How Project & PPM (PPPM) Management systems succumbed to the triple constraint

May 24, 2018
In our last planning blog, we talked about why Waterfall is better in Jira.  In this post, we’re going to discuss the issues facing many organizations that suffer from fragmented planning systems.  Remember that good old triple constraint?  It’s still very relevant to project management.  The prevalence of Agile hasn’t changed this challenge.  It’s all a question of emphasis.  Arguably we need balance, yet in the history of planning approaches, what we so often find is a bias based on technique.

In broad strokes here is a short history of PPPM in IT.  A thing to keep in mind regarding this journey is that each stage is like a rolling stone gathering moss, at each turn many of the old useful practices and systems are kept in place.

1. Amateur hour – awareness

In the early days of IT, there were low expectations and quite often poor results. Much research was done on why projects failed.  Project management was immature and the technology dominated, because it was so new.  With reports like the Standish report on project chaos, a new awareness of how bad many projects were run shepherded in a new era of more disciplined project management as a whole.

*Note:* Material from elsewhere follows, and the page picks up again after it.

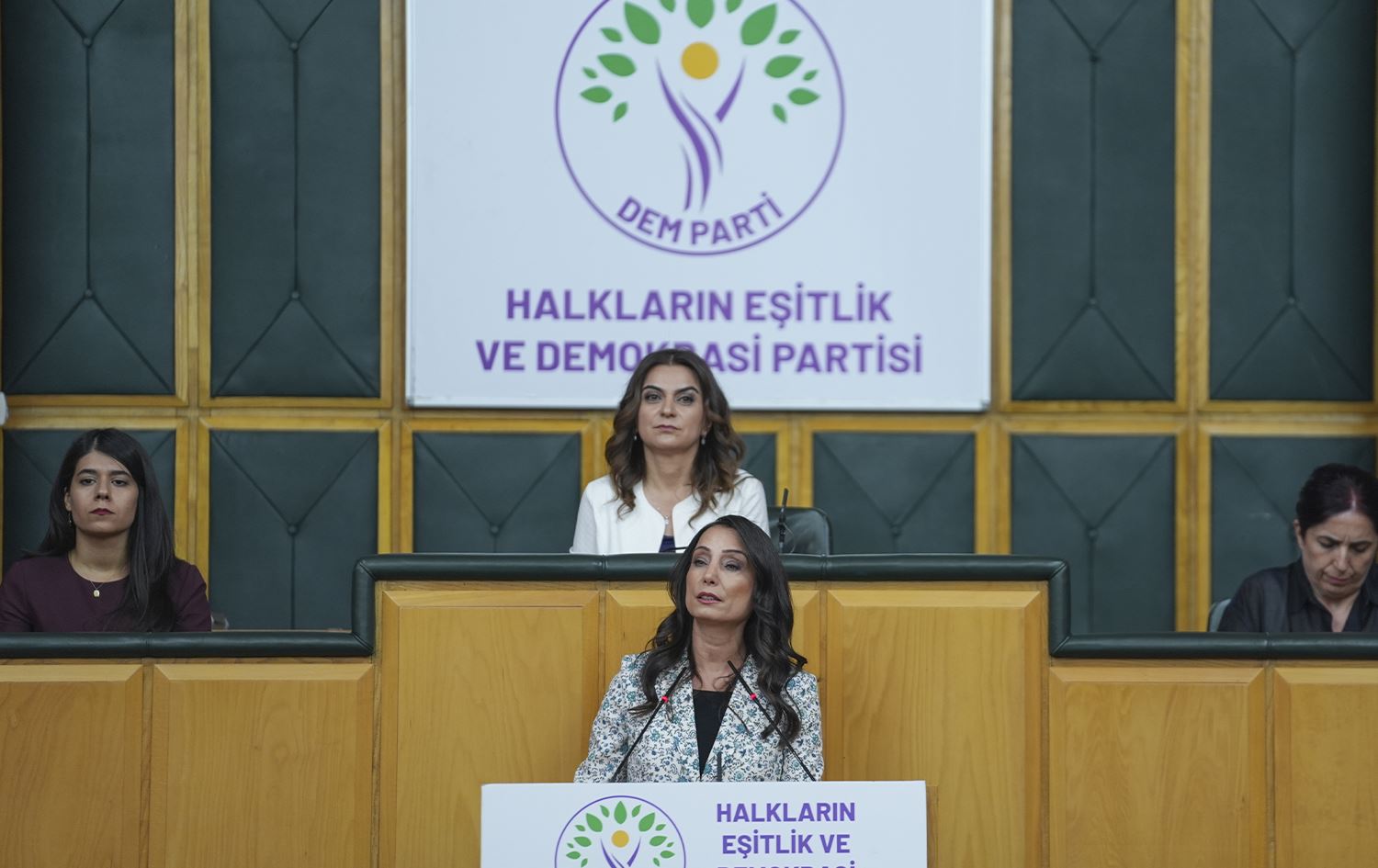 Hevseroka Partiya Gelan a Wekhevî û Demokrasiyê (DEM Partî) Tulay Hatîmogullari di civîna koma partiya xwe ya li Parlamentoya Tirkiyeyê de axivî.

2. Professional (traditional) Project Management

The entry of the Project Management Institute and the PMP certification has had a strong and profound effect on the quality of planning and project management in general.  For anyone who has had to pass the test, it’s a trial of the first order.  I remember it well. Certainly, it has become the de facto standard for professionals in the planning space. Yet whilst it solved tactical issues, a lot of problems in delivery still existed and failures still occurred.  During this stage of evolution (which is very much still with us), tools such as MS Project and Excel for control logs tackling issue and risk management, became prevalent and mostly still in use today.   Projects were and are mainly managed in isolation.  In addition, there are stages in the project lifecycle where certain types of tasks need to be completed.  The cone of uncertainty dominates thinking – initial estimates would be based on assumptions and scientifically whittled down to more precise estimates then ultimately delivered.  Of course, when everything changes, that’s where the trouble starts. In my view, this kind of planning places an emphasis on scope management.

3. Portfolio

Enter the third stage of maturity; portfolio management.  In this world, the key strategy is to capture all the project work and costs.  Systems such as Planview or Clarity have prevailed.  A typical process is that every project’s budget is loaded into the system and all of the staff are assigned. It’s then actually similar to an accounting system.  Does the approved spend on IT cover the assigned staff?  PMs effectively identify who they need on their projects and then staff managers intercede and approve. Status is often reported in the system as well.  These systems can be considered the equivalent of an ERP for IT.  If you have ever used one though, at an enterprise level, you would have likely seen the pain to make them work.  Furthermore, for most, the question is whether, in the end, they represent real truth; since very little actual collaboration or work is done in them.  Project Managers will tell you that they manage plans in MS Project, track time in a separate system, create Powerpoint status reports, enter resource management info and status again via the IT ERP and so on. In fact, the endless bureaucracy of status reporting and Powerpoint decks can quite literally drive PMs crazy.

4. Agility

There is a great line in Top Gun; ” I feel the need, the need for speed!”  In the last five years, there has been a great amount of pressure to move to a more agile approach to development – away from what has been labeled “the waterfall mindset”.  We love Jira and there is no doubt that it’s the most widely used Agile planning tool in the market today; see Dominators, Pretenders and Legacy Agile Tools. Yet the reality is that Agile is really a technique which emphasizes certain processes and behaviors that lead to better, faster development or delivery.  It’s great but the question is whether it scales or whether there is some overall superstructure such as SAFe that provides a universal answer.  However, the further you move away from the nucleus of an agile team, the less the principles seem to apply, especially at the portfolio level.  There is no question that Agile estimation principles – such as transparency and devops have greatly contributed to improving IT.  But Agile teams moving at different speeds, present some interesting challenges for portfolio managers.  Agility emphasizes above all else speed – real code over designs for instance.  This, of course, is antithetical to the Portfolio managers who emphasize cost and control.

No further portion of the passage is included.